At dawn he appeared again in the temple courts, where all the people gathered around him, and he sat down to teach them. The teachers of the law and the Pharisees brought in a woman caught in adultery. They made her stand before the group and said to Jesus, “Teacher, this woman was caught in the act of adultery. In the Law Moses commanded us to stone such women. Now what do you say?”  They were using this question as a trap, in order to have a basis for accusing him.

-Jesus had people gathered around him in the temple courts … it was he who the people wanted to hear (not the teachers of the law of the Pharisees). He was leading the people in a way that was through truth, relationship … they were leading from a place of position, education and wealth.

But Jesus bent down and started to write on the ground with his finger. When they kept on questioning him, he straightened up and said to them, “Let any one of you who is without sin be the first to throw a stone at her.” Again he stooped down and wrote on the ground.

-I so wish that the Bible gave account of what he had written! Some say it was the names of the accusers who had also taken prostitutes, or perhaps something from the Law. Whatever it was, combined with his direction that if they were sinless, be the first to throw a stone at her, they fled.

At this, those who heard began to go away one at a time, the older ones first, until only Jesus was left, with the woman still standing there. Jesus straightened up and asked her, “Woman, where are they? Has no one condemned you?”

 “No one, sir,” she said.

But Jesus didn’t stop at responding to the question about the Law, he also looked at the woman, left behind by her accusers, and asked a most redundant question … “where are they? Has no one condemned you?”

“Then neither do I condemn you,” Jesus declared. “Go now and leave your life of sin.”

And so he gives her freedom (I don’t condemn you), and advice that is always pertinent after a sin has been discovered … leave your life of sin. Because “sorry is not enough, sometimes you actually have to change” (unknown).
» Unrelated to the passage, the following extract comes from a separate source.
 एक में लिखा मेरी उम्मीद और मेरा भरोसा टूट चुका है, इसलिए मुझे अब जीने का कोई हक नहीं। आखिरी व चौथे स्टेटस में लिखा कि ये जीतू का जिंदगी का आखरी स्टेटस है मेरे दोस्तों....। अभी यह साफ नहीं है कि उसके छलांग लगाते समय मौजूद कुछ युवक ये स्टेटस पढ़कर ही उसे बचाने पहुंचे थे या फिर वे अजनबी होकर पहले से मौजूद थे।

We can all be like the Pharisees and teachers of the Law, reminding people of their sin, shaming others who have done wrong. I certainly have sat in the seat of the judgement of others … and I have great callouses on my back end for sitting in such a seat of arrogance. I have callouses on my hands for holding the stones so tightly.

But, Paul reminds us in Romans (3:23)

“all have sinned and fall short of the glory of God”
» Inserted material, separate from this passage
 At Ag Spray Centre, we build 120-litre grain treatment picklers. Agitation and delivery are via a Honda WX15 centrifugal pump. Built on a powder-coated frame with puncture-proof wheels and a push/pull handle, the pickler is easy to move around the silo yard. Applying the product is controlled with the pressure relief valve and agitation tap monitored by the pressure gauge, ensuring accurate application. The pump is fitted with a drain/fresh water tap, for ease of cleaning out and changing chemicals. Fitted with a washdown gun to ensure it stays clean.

His words are like a thorn in our side … or they should be! He reminds us that we judge, not as Christ judges, for we judge the sins of others while bathing in our own.
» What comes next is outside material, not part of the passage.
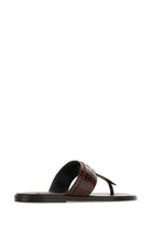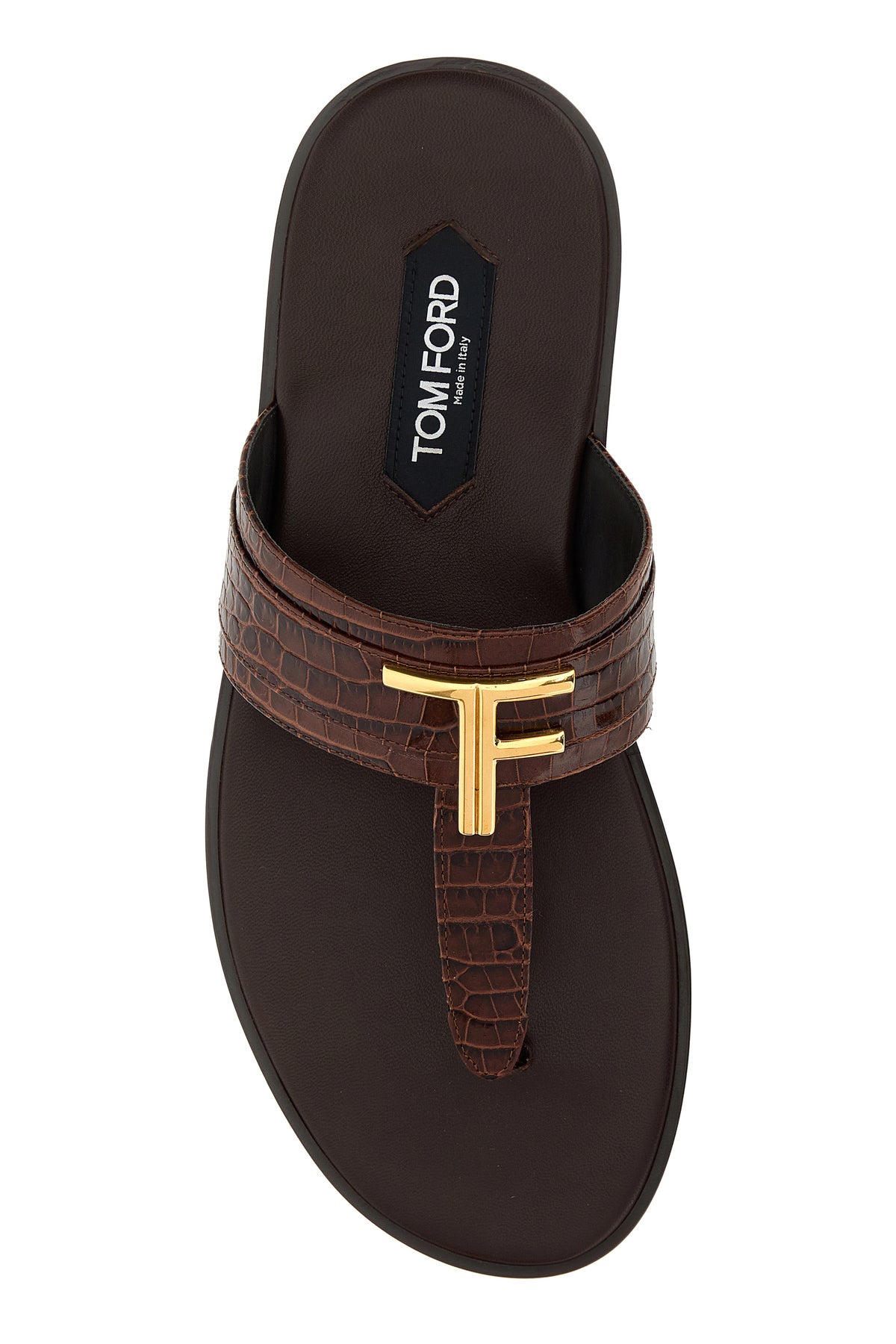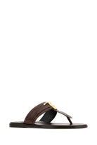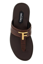 Thong slippers realized in crocodile motif embossed calf leather enriched by metal logoed detail on the band.

Paul previously reminds us, earlier in that passage (Romans 3:10) that,

“there is no one righteous, not even one”

Sin is the burden of our human condition. It is indiscriminate of who it will afflict, for it afflicts us all.

There is no one who can erase their own sin, there is no person who can eliminate the sin of another … except Christ.

The Matthew Henry Commentary says of this passage, and of God’s view of sin:

“It is plain that he hates sin, when nothing less than the blood of Christ would satisfy for it. And it would not agree with his justice to demand the debt, when the Surety has paid it, and he has accepted that payment in full satisfaction.”

And, in the words of the hymn, Jesus Paid it All, all to HIM I owe.